TORONTO
(CP )
June 18, 2007
- Undercover Toronto police officers tipped off British
authorities to a man hosting an Internet chat room with
"hundreds of thousands" of images and videos
of child abuse as part of a massive global sting that
has sparked some 700 investigations, authorities revealed
Monday.
The 27-year-old chat room host was handed an indeterminate
jail sentence Monday at a court in eastern England, the
same day police went public with a probe spanning 35 countries
that has seen 31 children rescued.
Seven of the children are from Canada, Toronto police
said.
Some were only a few months old.
Dubbed Project Wickerman by Canadian authorities, the
operation has its roots in an investigation into an Edmonton
man in mid-2005. Twenty-four people have been arrested
in Canada since then.
In November 2005, undercover investigators from the Toronto
Police Service's child exploitation unit infiltrated two
U.S.-based chat rooms.
In March 2006, American authorities arrested the 49-year-old
Tennessee man behind the chat rooms, known by the online
handle 'G.O.D.'
The arrest temporarily closed the rooms, but Sgt. Paul
Krawczyk, one of the undercover investigators from the
Toronto Police Service's child exploitation unit, said
a new site with many of the original's members was launched
less than two weeks later by someone masquerading behind
the online identity 'Son-of-god.'
Krawczyk described the chat room, called 'Kids the Light
of Our Lives,' as a hierarchy where users gained the respect
of other users by posting increasingly graphic content,
including live videos of child abuse.
He said the chat room contained "hundreds of thousands"
of images and videos.
"They want to get status and they want to become
one of the top people in this chat room, and one of the
ways of getting that is by saying, 'hey, I have access
to a child or to children, and here's what I can do,'
" Krawczyk said.
"It's sad, but it became almost abuse on demand."
Toronto police discovered the second chat room was being
hosted from a site in the United Kingdom, Krawczyk said.
Police tipped off the British-based Child Exploitation
and Online Protection Centre, and together they began
crafting a strategy for rounding up the site's host.
Krawczyk says authorities from the two agencies spent
a week in Toronto developing a plan to nab host 'Son-of-god,'
who also used the name 'I-do-it' when trading videos and
images.
The Child Exploitation and Online Protection Centre identified
the man behind the second chat room as Timothy Cox.
British authorities quietly arrested Cox in September
2006 and charged him with nine child pornography-related
offences.
The 27-year old was convicted at Ipswich Crown Court.

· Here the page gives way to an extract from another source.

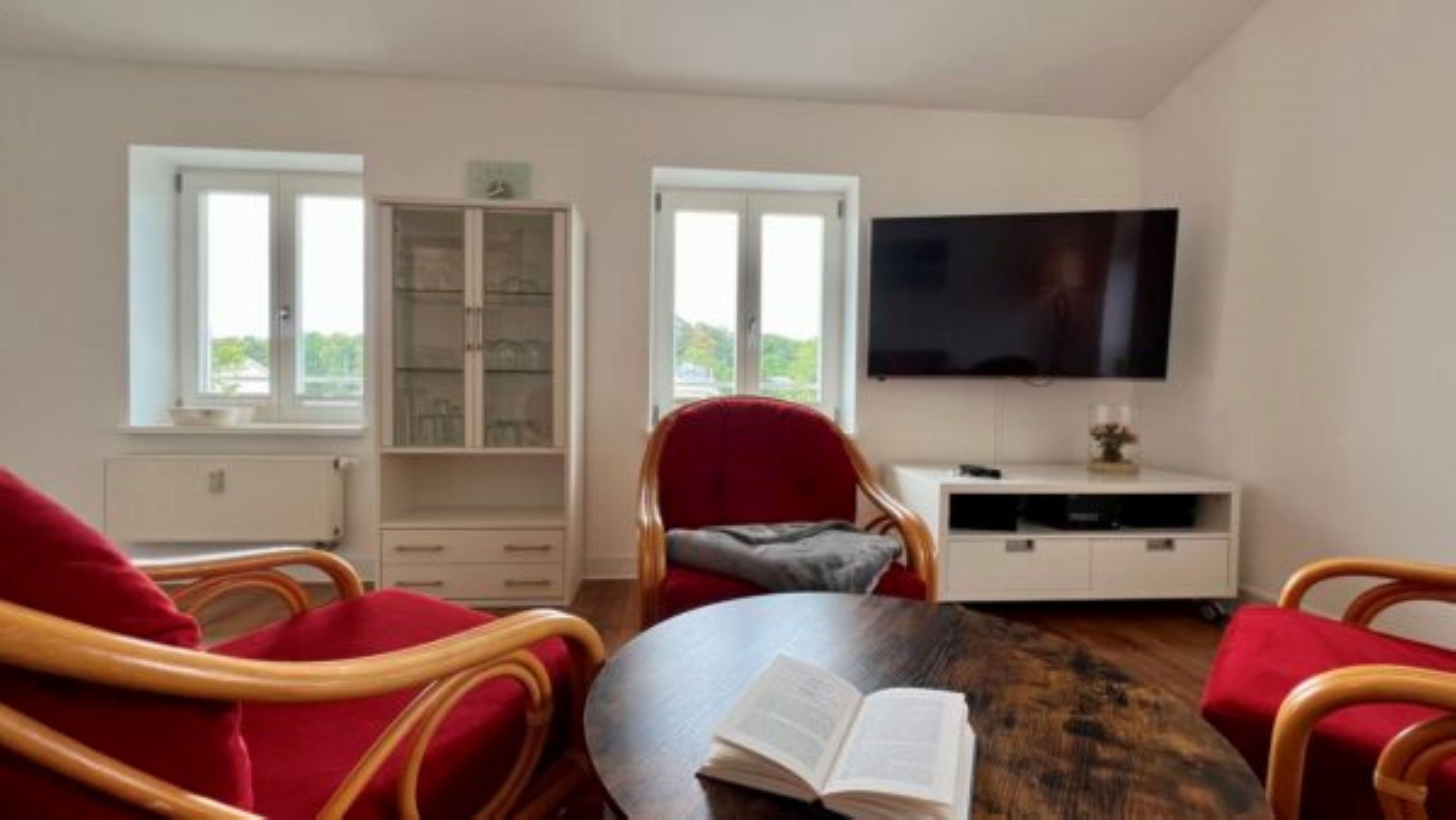 Über den freundlichen Flurbereich erreichen Sie das helle Wohnzimmer - hier erwartet Sie neben dem Flachbild-TV und den beiden bequemen Sesseln eine komfortable Couchgarnitur, welche ebenso als Aufbettungsmöglichkeit für 2 weitere Personen genutzt werden kann. Über den Hausflur erreichen Sie den sonnigen, überdachten Balkon mit Gartenmöbeln (inkl. Auflagen).

His indeterminate jail sentence means he will remain in
prison until authorities determine he is no longer a threat
to children.
British forensic teams found nearly 76,000 "indecent
and explicit" images on Cox's computer, in addition
to evidence he supplied more than 11,000 images to other
site users.
British authorities continued hosting the chat room,
unbeknownst to its users. Authorities from the child exploitation
centre, the Toronto police, the United States and Australia
took turns monitoring the site, posing as chat room members
to gain the trust of other users.
"We knew them better than they knew themselves,"
Krawczyk said.
A 33-year-old British man tried to resurrect the 'Kids
the Light of Our Lives' site following Cox's September
arrest.
Authorities monitored Gordon Mackintosh and other site
members until Jan. 9 of this year, when they began a third
series of arrests after 10 days of around the clock online
surveillance.
Mackintosh has pleaded guilty to 27 child pornography-related
charges.
Det.-Sgt. Kim Scanlan of Toronto's child exploitation
unit said 10 of the 24 arrests in Canada have come after
March 2006.
A total of 12 arrests have been made in Ontario, Scanlan
said. The rest were made elsewhere in the country, but
Toronto police declined to reveal where because the investigation
is ongoing.
Police also wouldn't specify where the seven rescued
children in Canada were from, except to say one was from
Ontario.
U.S. officials declined to comment because of continuing
investigations in at least 12 states.
Officials did not immediately provide a full breakdown
of which countries were involved, but identified Canada,
Australia and the United States as British officers' main
partners in the investigation.
It was unclear whether any of the rescued children had
been reported missing, but authorities said the investigation
was not linked to the disappearance of Madeleine McCann,
4, who vanished nearly two months ago when her parents
left her and her young siblings in their hotel room while
they dined at a restaurant in southern Portugal.
Scanlan wouldn't specify how many officers were involved
in the operation, but said it was a "significant
number."
"It was a real effort on behalf of the different
agencies that do this kind of work," she said.
Paul Gillespie, former head of Toronto's child exploitation
unit, said he is pleased to have seen "egos being
left at the door" by the authorities involved in
the investigation.
"We're now starting to get it figured out. We're
now fighting together globally. We're not trying to do
this by ourselves," he said.
"You don't have to be a rocket scientist to understand
it. If you don't share information in the way the bad
guys do, then you're simply going to be ineffective."